Character of Macduff

  • Macduff is not ambitious, instead he simply wants to find the rightful King of Scotland, not simply one who can advance his causes.  ‘I am not treacherous.’  When Macduff says this what he means is that he is a loyal and strong character, who wouldn’t betray Malcolm despite Malcolm offering to be sacrificed to Macbeth for the sake of Macduff’s family.

  • Macduff’s refusal to go and see the crowning of Macbeth shows he is insightful, and already has reservations about Macbeth, unlike many of the other characters who still trust him.

  • He is initially seen to have a loving relationship with his family, his son certainly loves him very much.  Yet an audience is asked to question whether Macduff is right to leave his family, and why he might have done so.

  • “Wisdom! To leave his wife, to leave his babes, /His mansion and his title in a place from whence himself does fly?” Lady Macduff is saying Macduff is running away from his wife, his children, his house which is an unwise thing to do.

  • “He had none: his flight was madness: when our actions do not, our fears do make us traitors.” Lady Macduff further thinks Macduff is scared of Macbeth so he runs away and this makes him look like a traitor.

  • The consequences of Macduff’s actions are that Macbeth comes after his family and Macduff isn’t there to protect them.  Eventually the news of his wife and children’s murders returns to Macduff, who is distraught.  ‘What, all my pretty chickens and their dam/ At one fell swoop?’  In this quote, Macduff shows his disbelief and his absolute horror that his family has been killed, creating pathos for the audience due to his description of them as ‘pretty chickens’.  

  • When Malcolm tells him that he should get revenge like a man for Macbeth’s murders, (‘Dispute it like a man’) Macduff tells him that he will, but crucially ‘But I must also feel it as a man’.  This shows that unlike the Macbeths’ definition of masculinity, Macduff knows that emotions, kindness and vulnerability are crucial to what makes a man.  As the Macbeths’ cruel and brutal definition of masculinity has led to the tragedy of the play, Macduff’s different opinions show his stark opposition to Macbeth, and his cruel actions.  Also, they may suggest that Macbeth fails as he can no longer feel like a man - by the end of the play, Macbeth is entirely numb to normal human emotions, in opposition to Macduff and later Malcolm, who embrace normal emotions such as sadness and rage. 

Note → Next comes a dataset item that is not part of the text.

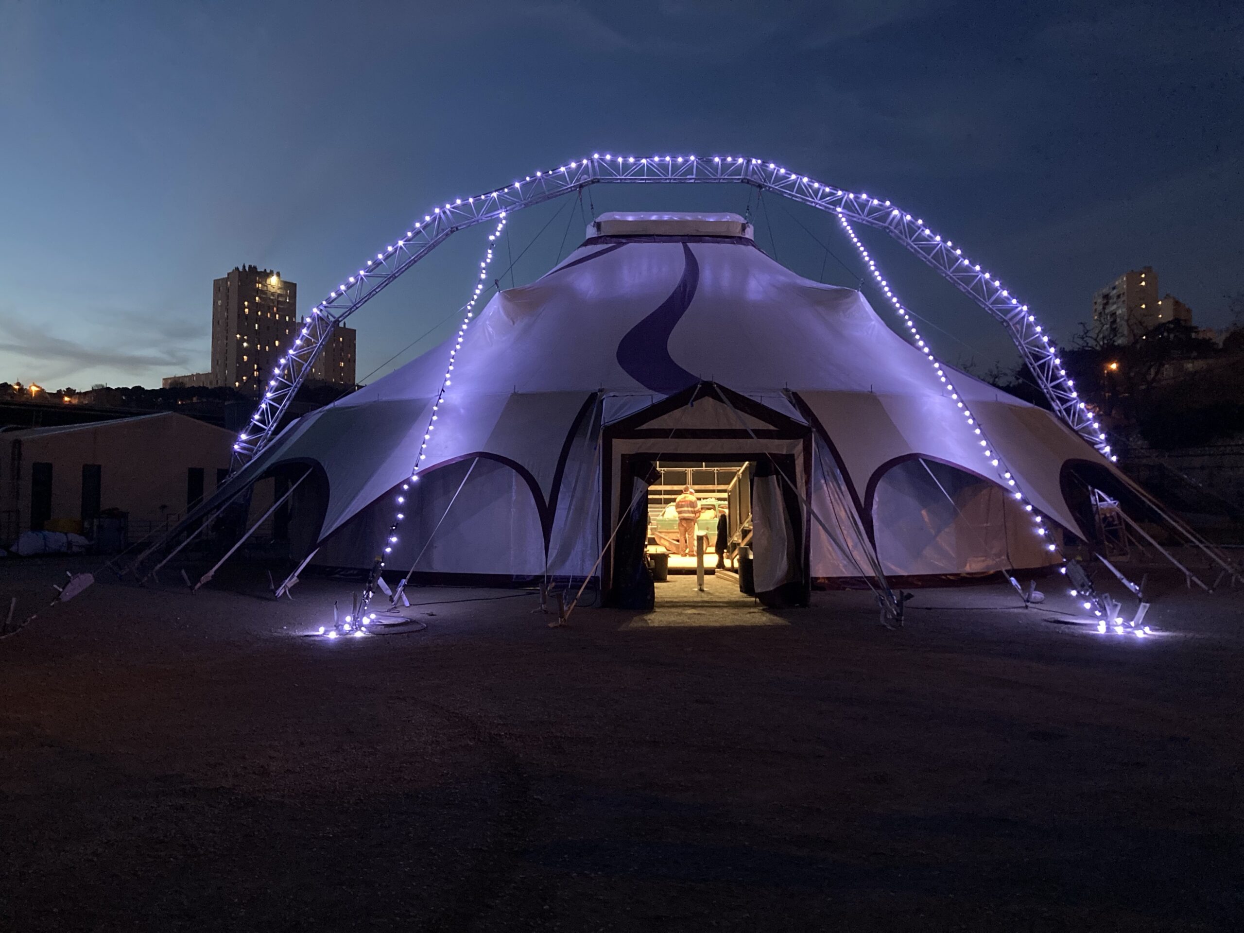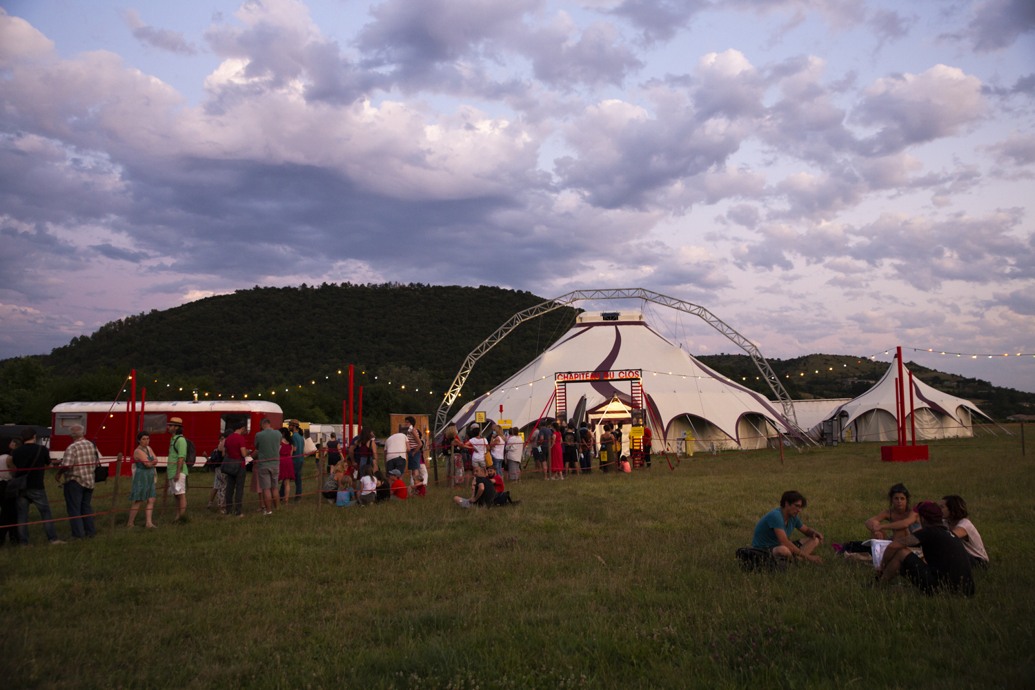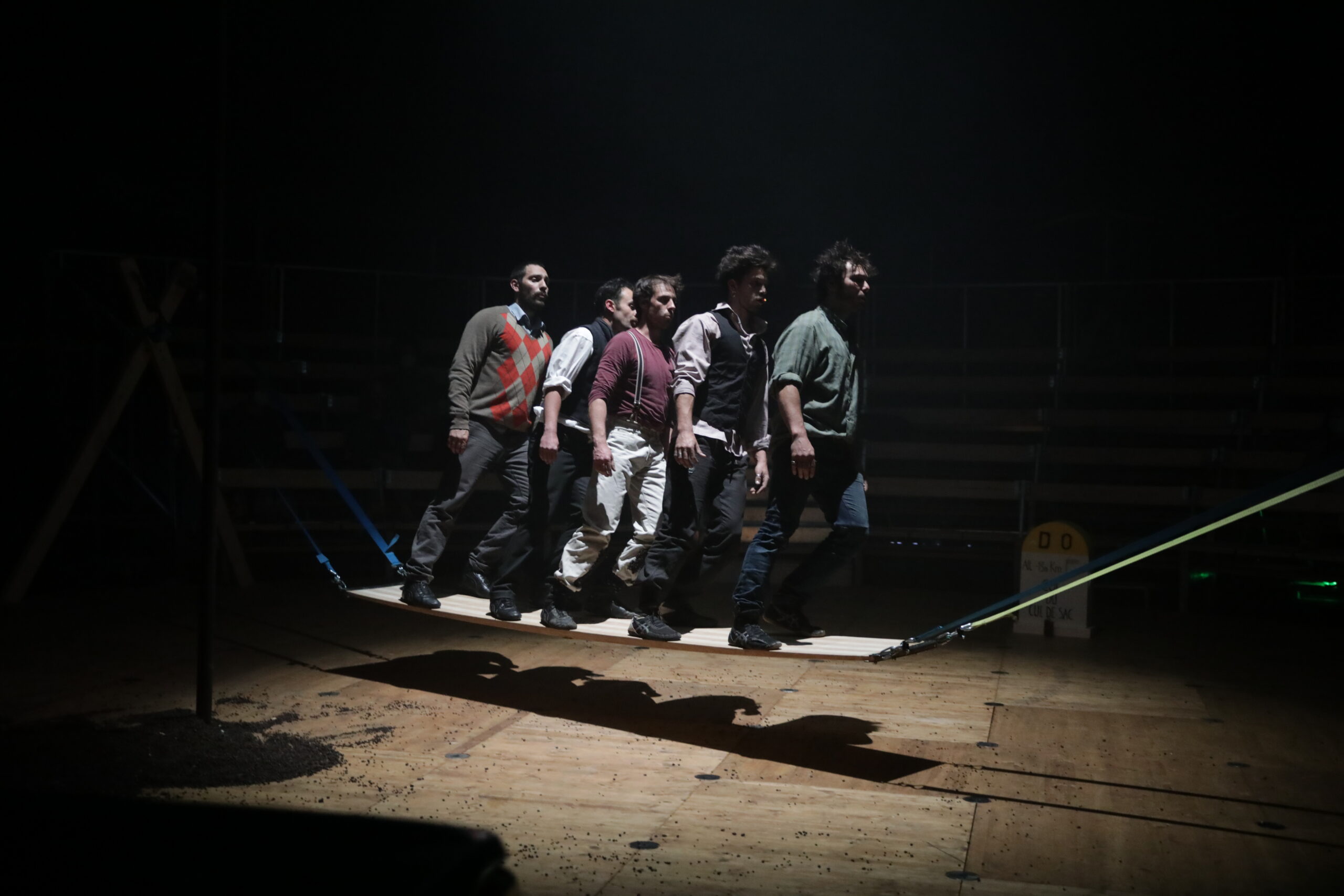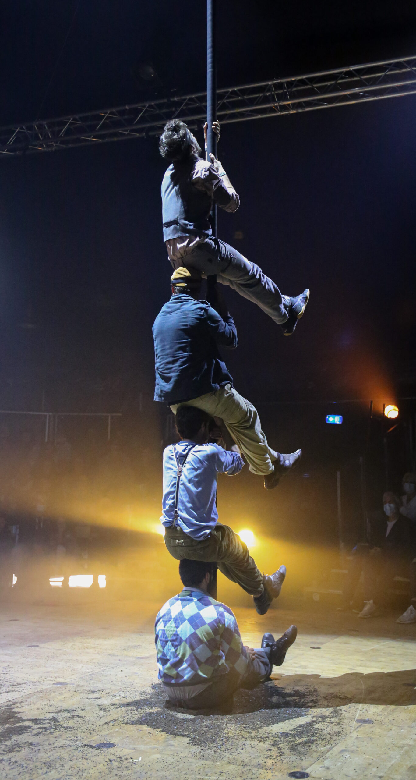 Pandax, c’est d’abord une idée : installer une voiture sous le chapiteau, et construire autour un scénario tissé d’acrobaties. Entassés dans une Fiat Panda vert foncé, les cinq acrobates jouent cinq frères, de retour de la crémation de leur père avec l’urne funéraire. Ils roulent, se disputent et apparaissent alors portés acrobatiques, lancer de couteaux, gags divers, mât chinois, bascule… Au son des chansons jazz et klezmer interprétées en direct par trois musiciennes, ils déroulent leur récit, tandis que leurs corps s’envolent de plus en plus haut.

  • At the end of the play, Macduff fights with Macbeth because firstly he doesn’t think Macbeth is the rightful King and secondly, he wants revenge for his family.

  • The fact that Macduff only seeks out Macbeth in the final battle shows that he doesn’t want to kill the innocent, and shows his single-minded desire for one thing, in opposition to Macbeth who wants more and more.